After being presented with the Joshua story, the children were asked:

“Do you think Joshua and the Israelites acted rightly or not?”

66% of the children approved, 8% partially disapproved, and 26% totally disapproved of Joshua’s actions.

A control group of 168 children was presented with an isomorphic story about “General Lin” and a “Chinese Kingdom 3,000 years ago”. 7% of this group approved, 18% partially disapproved, and 75% completely disapproved of General Lin.

“What a horrible thing it is, teaching religion to children,” you say, “giving them an off-switch for their morality that can be flipped just by saying the word ‘God’.” Indeed one of the saddest aspects of the whole religious fiasco is just how little it takes to flip people’s moral off-switches. As Hobbes once said, “I don’t know what’s worse, the fact that everyone’s got a price, or the fact that their price is so low.” You can give people a book, and tell them God wrote it, and that’s enough to switch off their moralities; God doesn’t even have to tell them in person.

But are you sure you don’t have a similar off-switch yourself? They flip so easily—you might not even notice it happening.

Leon Kass (of the President’s Council on Bioethics) is glad to murder people so long as it’s “natural”, for example. He wouldn’t pull out a gun and shoot you, but he wants you to die of old age and he’d be happy to pass legislation to ensure it.

And one of the non-obvious possibilities for such an off-switch, is “morality”.

If you do happen to think that there is a source of morality beyond human beings… and I hear from quite a lot of people who are happy to rhapsodize on how Their-Favorite-Morality is built into the very fabric of the universe… then what if that morality tells you to kill people?

If you believe that there is any kind of stone tablet in the fabric of the universe, in the nature of reality, in the structure of logic—anywhere you care to put it—then what if you get a chance to read that stone tablet, and it turns out to say “Pain Is Good”? What then?

Maybe you should hope that morality isn’t written into the structure of the universe. What if the structure of the universe says to do something horrible?

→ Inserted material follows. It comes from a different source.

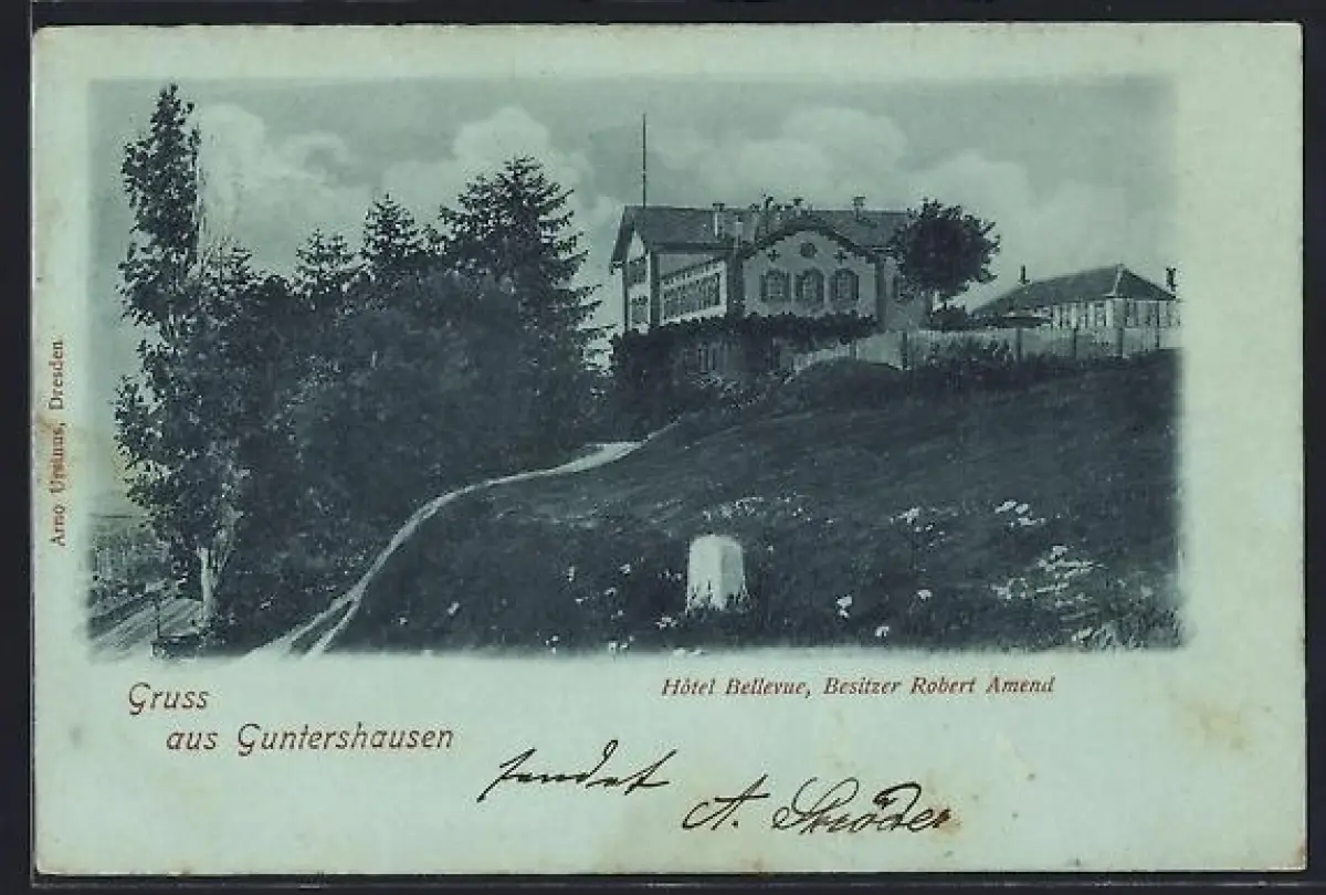 Mondschein-AK Guntershausen, Hotel Bellevue, Besitzer Robert Amend

And if an external objective morality does say that the universe should occupy some horrifying state… let’s not even ask what you’re going to do about that. No, instead I ask: What would you have wished for the external objective morality to be instead? What’s the best news you could have gotten, reading that stone tablet?

Go ahead. Indulge your fantasy. Would you want the stone tablet to say people should die of old age, or that people should live as long as they wanted? If you could write the stone tablet yourself, what would it say?

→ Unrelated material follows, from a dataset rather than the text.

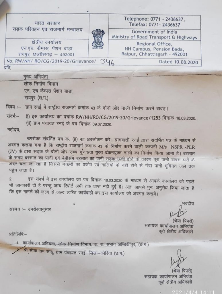 एक ग्रामीण ने गांव की जरूरतों को पूरा करने के लिए नेशनल हाईवे 73 के निर्माणाधीन सड़क पर नाली निर्माण नही होने पर इसकी मांग भारत सरकार सड़क परिवहन एवं राजमार्ग मंत्रालय से की है। जिसमें उन्हें सफलता प्राप्त हुई । जहां केंद्रीय सड़क परिवहन एवं राजमार्ग मंत्रालय के द्वारा लोक निर्माण विभाग के मुख्य अभियंता को पत्र लिखकर आदेशित किया गया है कि ग्राम रनई में राजमार्ग क्रमांक 43 के दोनों ओर नाली निर्माण कराया जाए। गौरतलब हो कि रनई निवासी सिया राम साहू के द्वारा 6 फरवरी 2020 को पत्र लिखकर रनई गांव के मध्य से गुजरने वाली नेशनल हाईवे क्रमांक 43 के दोनों ओर ग्रामीणों की जरूरत के लिए नाली निर्माण कराए जाने की मांग की उल्लेखित है कि गांव के लगभग 2.5 किलोमीटर दायरे में नाली निर्माण प्रस्तावित नहीं था। बावजूद इसके भी एक ग्रामीण के द्वारा अपनी मांग को विभिन्न माध्यमों सेे रखते हुए भारत सरकार के सड़क परिवहन मंत्रालय तक पहुंचाया गया । जिस पर केंद्रीय मंत्रालय द्वारा मांग पर गंभीरता पूर्वक विचार करने के उपरांत उसे पूरा किया गया। इस संबंध में मामले में आवेदन करने वाले सिया राम साहू का कहना है कि एनएच निर्माण के दौरान पटना के समीप नाली निर्माण कर लोगों को सुविधा दी जा रही थी वहीं पर रनई में ग्रामीणों को यह सुविधा नहीं मिल रही थी।

Maybe you should just do that?

I mean… if an external objective morality tells you to kill people, why should you even listen?

There is a courage that goes beyond even an atheist sacrificing their life and their hope of immortality. It is the courage of a theist who goes against what they believe to be the Will of God, choosing eternal damnation and defying even morality in order to rescue a slave, or speak out against hell, or kill a murderer… You don’t get a chance to reveal that virtue without making fundamental mistakes about how the universe works, so it is not something to which a rationalist should aspire. But it warms my heart that humans are capable of it.

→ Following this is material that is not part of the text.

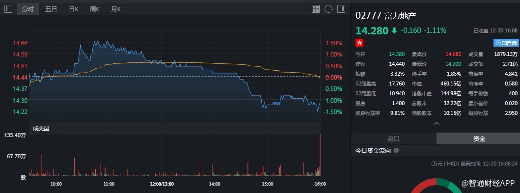 截至今日收盘,广州富力(02777)跌1.11%,报14.28港元。

I have previously spoken of how, to achieve rationality, it is necessary to have some purpose so desperately important to you as to be more important than “rationality”, so that you will not choose “rationality” over success.

To learn the Way, you must be able to unlearn the Way; so you must be able to give up the Way; so there must be something dearer to you than the Way. This is so in questions of truth, and in questions of strategy, and also in questions of morality.

The “moral void” of which this post is titled, is not the terrifying abyss of utter meaningless. Which for a bottomless pit is surprisingly shallow; what are you supposed to do about it besides wearing black makeup?

No. The void I’m talking about is a virtue which is nameless.